### [DATA TO PROCESS]

+++

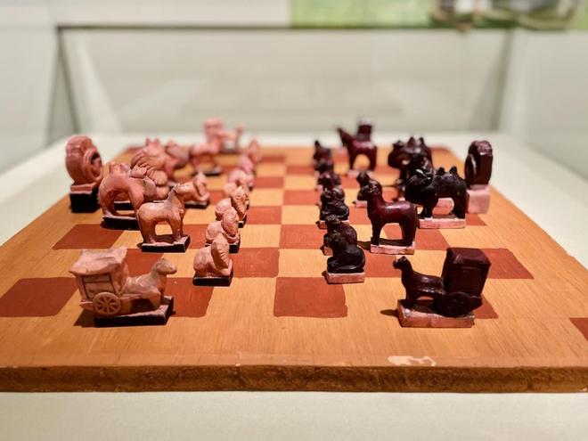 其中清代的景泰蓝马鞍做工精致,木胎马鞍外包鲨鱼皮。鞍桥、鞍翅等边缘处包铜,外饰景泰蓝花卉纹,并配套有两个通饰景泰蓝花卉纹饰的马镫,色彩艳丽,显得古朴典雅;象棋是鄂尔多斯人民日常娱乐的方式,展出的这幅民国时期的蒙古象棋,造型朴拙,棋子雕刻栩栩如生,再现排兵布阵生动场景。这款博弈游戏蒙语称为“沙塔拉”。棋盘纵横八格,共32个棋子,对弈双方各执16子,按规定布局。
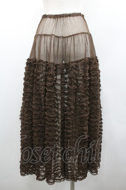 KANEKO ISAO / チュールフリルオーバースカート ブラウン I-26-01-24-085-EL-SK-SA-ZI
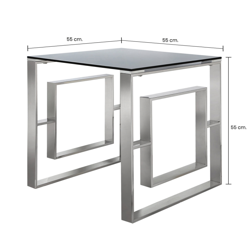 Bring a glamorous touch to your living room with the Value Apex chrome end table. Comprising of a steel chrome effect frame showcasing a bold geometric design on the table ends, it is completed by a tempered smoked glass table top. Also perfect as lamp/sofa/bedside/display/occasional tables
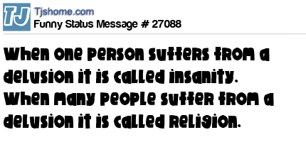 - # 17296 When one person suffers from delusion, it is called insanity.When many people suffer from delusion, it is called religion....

+++

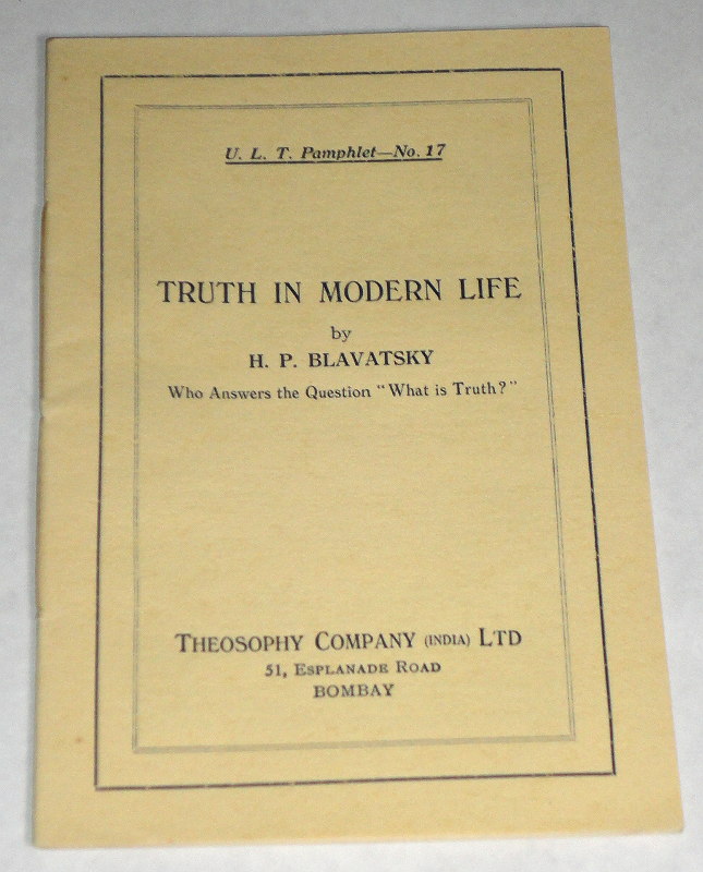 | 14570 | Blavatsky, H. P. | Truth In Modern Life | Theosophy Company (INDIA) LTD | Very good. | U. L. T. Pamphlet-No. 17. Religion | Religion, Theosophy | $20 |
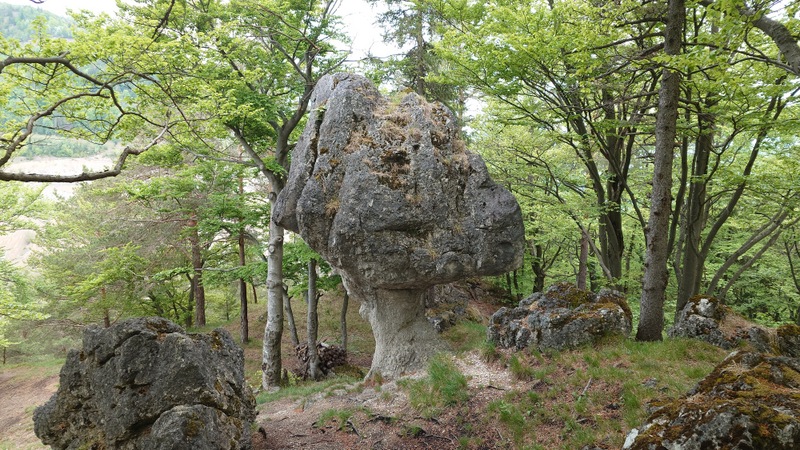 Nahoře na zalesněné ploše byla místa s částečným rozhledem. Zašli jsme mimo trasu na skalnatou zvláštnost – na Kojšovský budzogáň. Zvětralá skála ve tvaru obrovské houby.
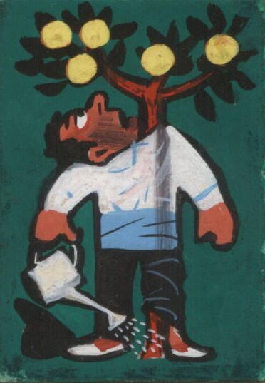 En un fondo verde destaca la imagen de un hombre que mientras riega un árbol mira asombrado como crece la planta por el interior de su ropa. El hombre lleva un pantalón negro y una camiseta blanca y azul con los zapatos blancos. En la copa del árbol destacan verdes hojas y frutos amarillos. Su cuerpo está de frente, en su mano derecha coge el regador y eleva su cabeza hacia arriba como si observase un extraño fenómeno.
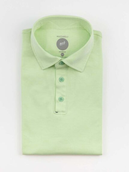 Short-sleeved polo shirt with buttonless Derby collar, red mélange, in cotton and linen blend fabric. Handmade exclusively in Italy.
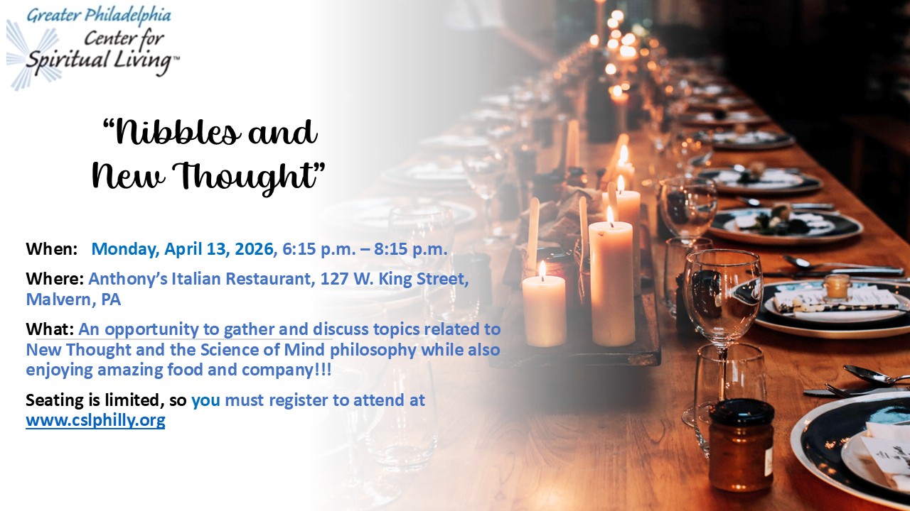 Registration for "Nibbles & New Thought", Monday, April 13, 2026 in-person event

+++

### [INSTRUCTIONS TO FOLLOW]
From the records above, copy exactly the stretch from the line holding "Nahoře na zalesněné" through the line holding "2026 in-person event", both ends included, without the pictures.

### [ANSWER TO THE PROBLEM]
 Nahoře na zalesněné ploše byla místa s částečným rozhledem. Zašli jsme mimo trasu na skalnatou zvláštnost – na Kojšovský budzogáň. Zvětralá skála ve tvaru obrovské houby.
 En un fondo verde destaca la imagen de un hombre que mientras riega un árbol mira asombrado como crece la planta por el interior de su ropa. El hombre lleva un pantalón negro y una camiseta blanca y azul con los zapatos blancos. En la copa del árbol destacan verdes hojas y frutos amarillos. Su cuerpo está de frente, en su mano derecha coge el regador y eleva su cabeza hacia arriba como si observase un extraño fenómeno.
 Short-sleeved polo shirt with buttonless Derby collar, red mélange, in cotton and linen blend fabric. Handmade exclusively in Italy.
 Registration for "Nibbles & New Thought", Monday, April 13, 2026 in-person event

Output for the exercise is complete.